Since the terms inside the sum are Poisson random variables with a common mean λ = (n/e) * (1/n)^k/k!, we can rewrite the entire sum as a single Poisson random variable:
limn→∞ Poisson random variable with mean λ = (n/e) * (1/n)^n
Step 5: Simplify the expression further.
Using properties of exponents and rearranging terms, we can simplify the expression inside the limit:
limn→∞ Poisson random variable with mean λ = (n/e)^n / (n/e)
Step 6: Evaluate the limit.
As n approaches infinity, the expression (n/e)^n becomes infinitely large. However, dividing it by (n/e) still yields infinity.

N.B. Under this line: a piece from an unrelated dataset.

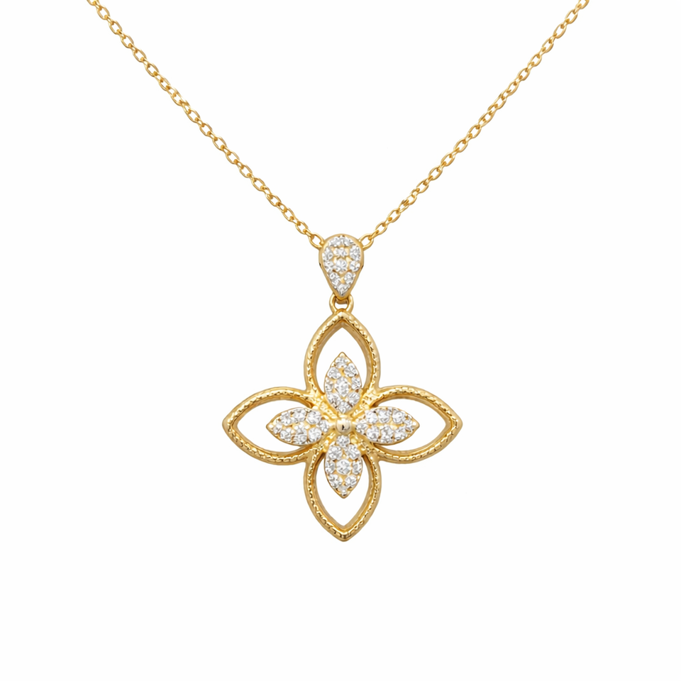 Nombre del producto:Collar con Colgante de Diamantes en Forma Floral de Oro Sólido de 18K
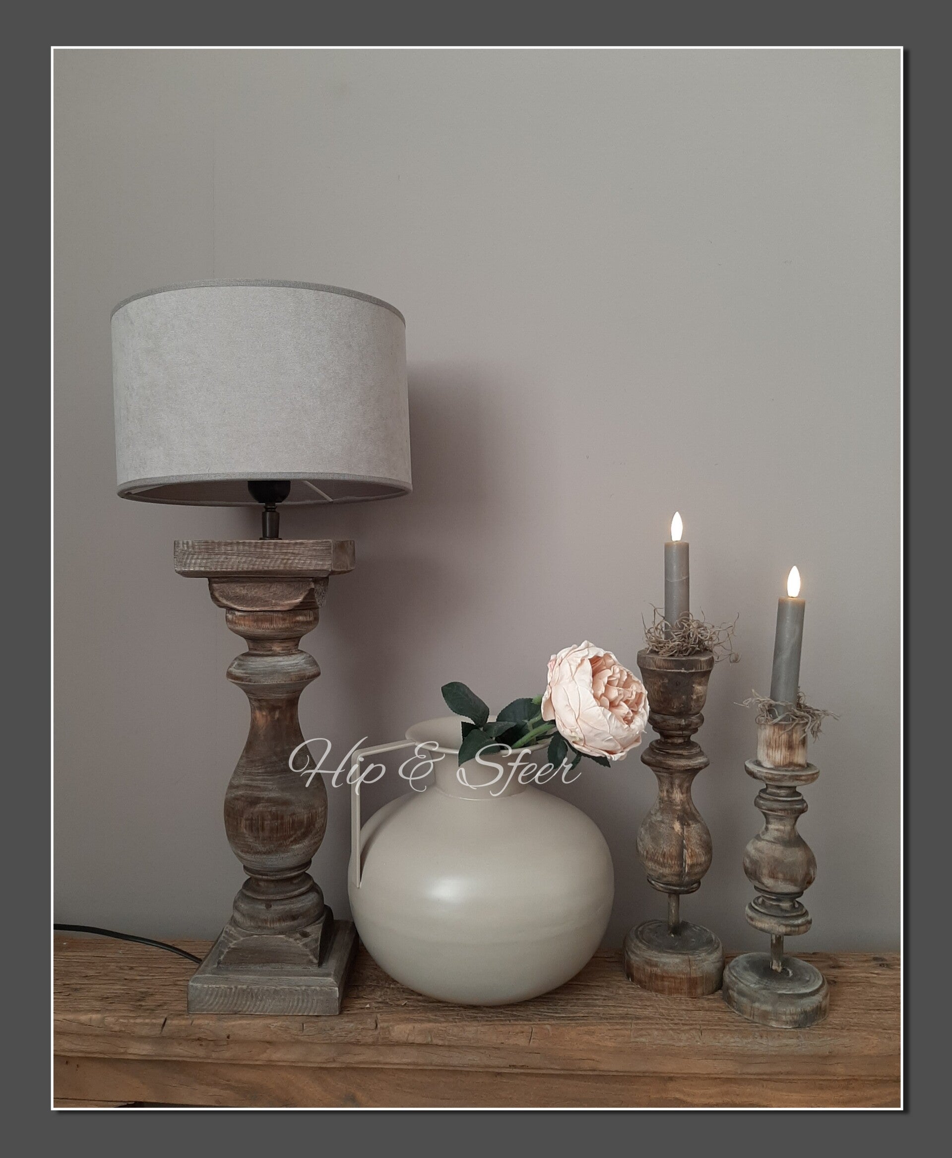 Mooie houten baluster lampenvoet in een mooie matte bruin tint waar de houtstructuur nog doorheen te zien is.de afmeting is 40cm hoog zonder fitting gemeten en de voet is 13x13cm.

Therefore, the limit is:
limn→∞ Poisson random variable with mean λ = ∞
So, the given limit is equal to infinity.
To evaluate the given limit, we can start by analyzing the expression inside the limit:
∑(k > n) n∞ e^(-n/n) k!/n!
The key here is to recognize that k!/n! can be simplified using the property of factorials:
k! = k(k-1)(k-2)...(n+1)(n!),
whereas n! = n(n-1)(n-2)...(1).
Therefore, k!/n! can be rewritten as:
k!/n! = k(k-1)(k-2)...(n+1).
Now, let's rewrite our expression:
∑(k > n) n∞ e^(-1) (k(k-1)(k-2)...(n+1)).
Next, let's consider the sum as a general form of the sum of a Poisson random variable:
∑(k > n) n∞ e^(-1) (k1(k2-1)(k3-2)...(n+1)),
where k1, k2, k3, ..., kn+1 are the independent Poisson random variables.

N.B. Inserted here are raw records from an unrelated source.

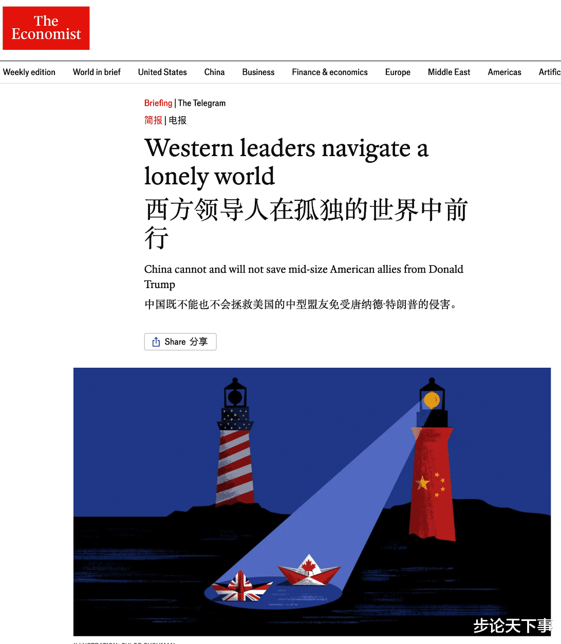 简直不敢相信英国人写的东西,太辣眼睛了——“中国既不能也不会拯救美国的中型盟友免受唐纳德·特朗普的侵害”——这是英国《经济学人》的文章标题。
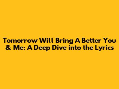 Hey guys! Ever stumbled upon a song that just hits different? A song that wraps you up in a warm hug or makes you feel like you can conquer the world? Well, today we're diving deep into the lyrics of a tune that does just that: "Tomorrow Will Bring A Better You, A Better Me." This isn't just about catchy melodies; it's about the raw, honest emotions and the universal hopes we all share. We're going to break down what makes these lyrics so special, exploring the themes of personal growth, hope, and the beautiful journey of becoming better versions of ourselves, together. So grab your comfiest listening spot, maybe a warm drink, and let's get philosophical with these powerful words. It's a journey of self-discovery and shared aspiration, and trust me, by the end, you'll be humming along with a renewed sense of optimism. This song speaks to the core of our human experience, the constant striving for improvement, and the comfort we find in knowing we're not alone on this path. It's about acknowledging the struggles, celebrating the small victories, and looking forward to a future where both personal and collective betterment are within reach. The beauty of these lyrics lies in their simplicity yet profound depth, making them relatable to anyone who has ever wished for a brighter tomorrow. It's a reminder that change is possible, growth is inevitable, and that the promise of a better future is something we can actively work towards, hand in hand.
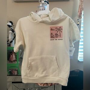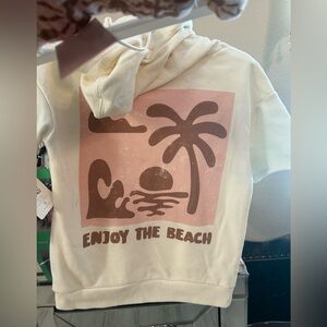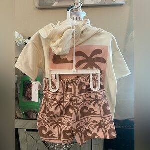 Cream hoodie featuring a beach graphic with palm trees and sunset. Short sleeves and front pocket, short pants.
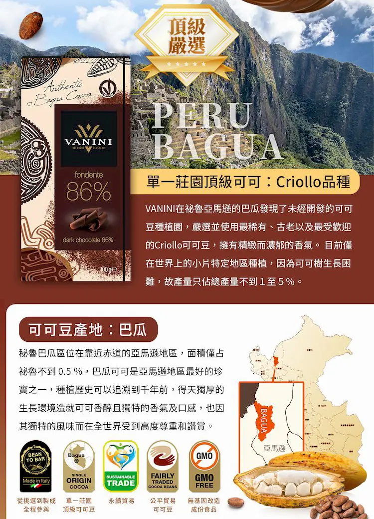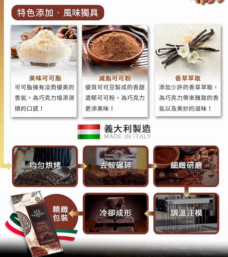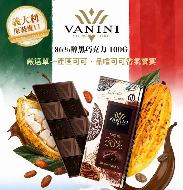 瓦尼尼86 %醇黑巧克力體驗這款義大利經典的巧克力,

Since each term in the sum is a product of independent Poisson random variables, we can use the property mentioned at the beginning of the problem: "a Poisson random variable X with parameter t, where t is a positive integer, can be thought of as the sum of t independent Poisson random variables."
Therefore, we can rewrite the sum as:
∑(k > n) n∞ e^(-1) (n-(k-1))/(n+1)!
Notice that the numerator n-(k-1) is the number of terms in the sum, which can be written as n+1-(k-1).
Now, let's simplify the expression further:
∑(k > n) n∞ e^(-1) [(n+1-(k-1))/(n+1)!],
which becomes:
∑(k > n) n∞ e^(-1) [1/(n+1)!] ∑_(i=0)^(n+1-(k-1)) (-1)^i/(n+1-(k-1))!.
The last step before evaluating the limit is to recognize the pattern in the sum:
∑_(i=0)^(n+1-(k-1)) (-1)^i/(n+1-(k-1))!
= (n+1-(k-1))!/(n+1-(k-1))! - (n+1-(k-1)+1)!/(n+1-(k-1))! + ...
The terms cancel out, leaving only the first term:
= 1/(n+1-(k-1))!.
Finally, we have:
∑(k > n) n∞ e^(-1) [1/(n+1)!] * 1/(n+1-(k-1))!
As n approaches infinity, the term 1/(n+1)! approaches zero since the factorial grows much faster than any polynomial expression in n. Thus, we can conclude that the entire expression approaches zero as well.
Therefore, the limit as n approaches infinity of the given expression is zero:
lim_(n→∞) ∑(k > n) n∞ e^(-n/n) k!/n! = 0.